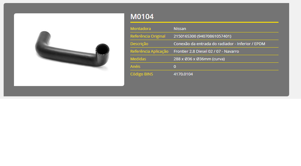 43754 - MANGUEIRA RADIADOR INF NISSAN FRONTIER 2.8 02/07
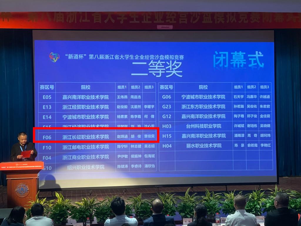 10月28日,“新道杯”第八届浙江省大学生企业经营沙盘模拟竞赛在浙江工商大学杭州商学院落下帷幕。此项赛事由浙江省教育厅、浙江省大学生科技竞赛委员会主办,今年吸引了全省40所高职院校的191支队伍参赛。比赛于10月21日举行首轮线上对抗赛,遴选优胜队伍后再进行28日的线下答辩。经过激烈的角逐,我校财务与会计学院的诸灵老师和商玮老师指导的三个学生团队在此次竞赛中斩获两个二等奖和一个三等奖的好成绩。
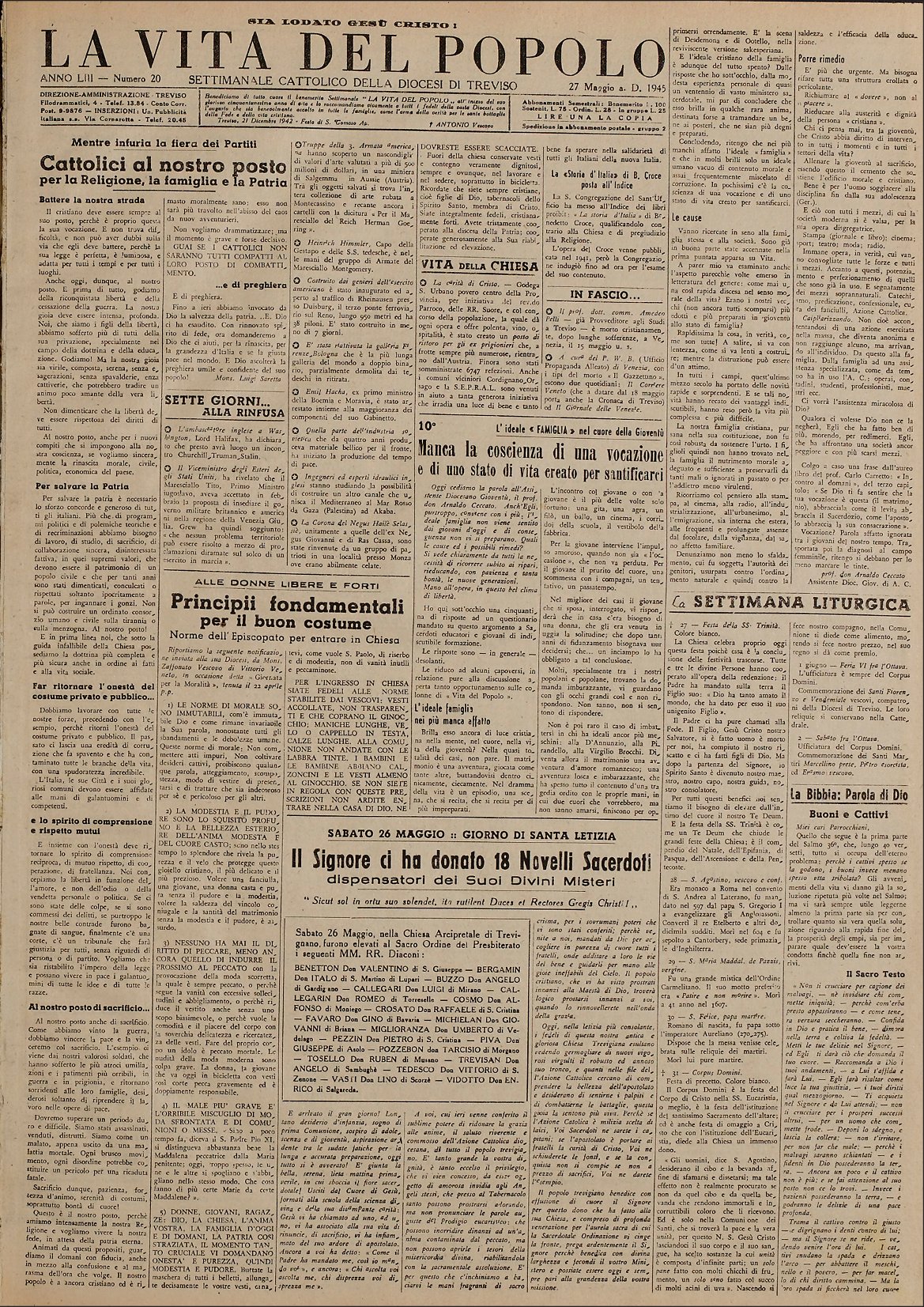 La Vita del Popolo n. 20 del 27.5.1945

········

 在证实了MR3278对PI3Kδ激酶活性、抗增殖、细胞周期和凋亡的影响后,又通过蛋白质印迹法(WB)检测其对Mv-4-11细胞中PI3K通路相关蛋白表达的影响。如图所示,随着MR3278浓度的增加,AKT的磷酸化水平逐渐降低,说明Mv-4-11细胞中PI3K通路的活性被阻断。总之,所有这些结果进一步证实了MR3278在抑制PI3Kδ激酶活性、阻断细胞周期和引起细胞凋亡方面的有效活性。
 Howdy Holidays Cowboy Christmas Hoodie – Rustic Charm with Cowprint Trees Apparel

········

■ **EXERCISE DETAILS**: Output the lines above exactly, but only those between the line holding "在证实了MR3278对PI3" and the line holding "Howdy Holidays Cowboy", inclusive.

■ **WRITTEN SOLUTION**:
 在证实了MR3278对PI3Kδ激酶活性、抗增殖、细胞周期和凋亡的影响后,又通过蛋白质印迹法(WB)检测其对Mv-4-11细胞中PI3K通路相关蛋白表达的影响。如图所示,随着MR3278浓度的增加,AKT的磷酸化水平逐渐降低,说明Mv-4-11细胞中PI3K通路的活性被阻断。总之,所有这些结果进一步证实了MR3278在抑制PI3Kδ激酶活性、阻断细胞周期和引起细胞凋亡方面的有效活性。
 Howdy Holidays Cowboy Christmas Hoodie – Rustic Charm with Cowprint Trees Apparel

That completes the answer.